Because the likelihood function \(L(\theta)\) is a joint distribution, it will often contain lots of products and exponentials. It is therefore often more convenient to work with the log-likelihood function \(\ell(\theta)\) since logs convert products to sums which are easier to differentiate. We use the natural log to deal with the \(e\) values that often crop up. \[ \ell(\theta) = \log L(\theta) \]
The log function is monotonic, so the maximum of \(\ell(\theta)\) occurs for the same value of \(\theta\) as \(L(\theta)\), i.e. we are still maximising our original likelihood function even if we use the log-likelihood in our calculations for tractability.

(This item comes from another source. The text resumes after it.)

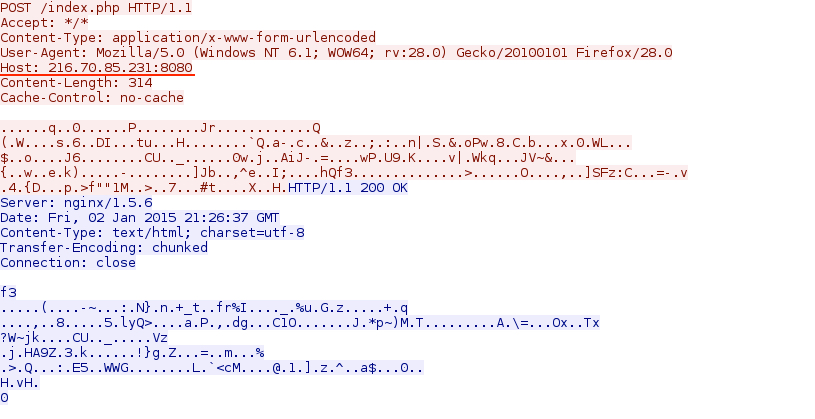 - 2015-01-02 21:26:36 UTC - 216.70.85[.]231:8080 - POST /index.php

To find the maximum of the log-likelihood, we set its derivative to 0 and solve for \(\theta\): \[ \frac{d \ell(\theta)}{d \theta} = 0 \]
The derivative function is sometimes called the “score function”.
8.0.4 Properties of Logarithms
Log of products = sum of logs \[ \log(xy) = \log(x) + \log(y) \]
Log of exponents \[ \log(a^b) = b \log(a) \]
And by extension \[ \log(1 /a) = \log(a^{-1}) = -\log(a) \]
8.0.5. Mean Squared Error
We used bias and variance to evaluate the goodness of our estimators.
We may want to compare a biased estimator vs an unbiased estimator. One method for doing so is to compare the mean squared error (MSE); the average squared distance from the true value.
\[ MSE(\hat{\theta}) = E[(\hat{\theta} - \theta)^2] \]
We can work through some algebra to get the identity: \[ \mathrm{MSE}(\hat{\theta}) = \mathrm{Bias}(\hat{\theta}) ^2 + \mathrm{Var}(\theta) \]
So for an unbiased estimator, the \(MSE = Variance\).
Biased estimators can still be useful. We want estimators which are close to the mean with small variance. We may have an unbiased estimator which has a large variance. An alternative biased estimator with small bias but much tighter variance could be more useful.
8.1. MLE Estimator for a Bernoulli Distribution
The general process is:
Recall that our PDF is: \[ f(x_i) = p^{x_i} (1-p)^{1-x_i} \]
And our joint PDF when taking the product of multiple random Bernoulli variables is: \[ f(X) = p^{\sum x_i} (1-p)^{n - \sum x_i} \]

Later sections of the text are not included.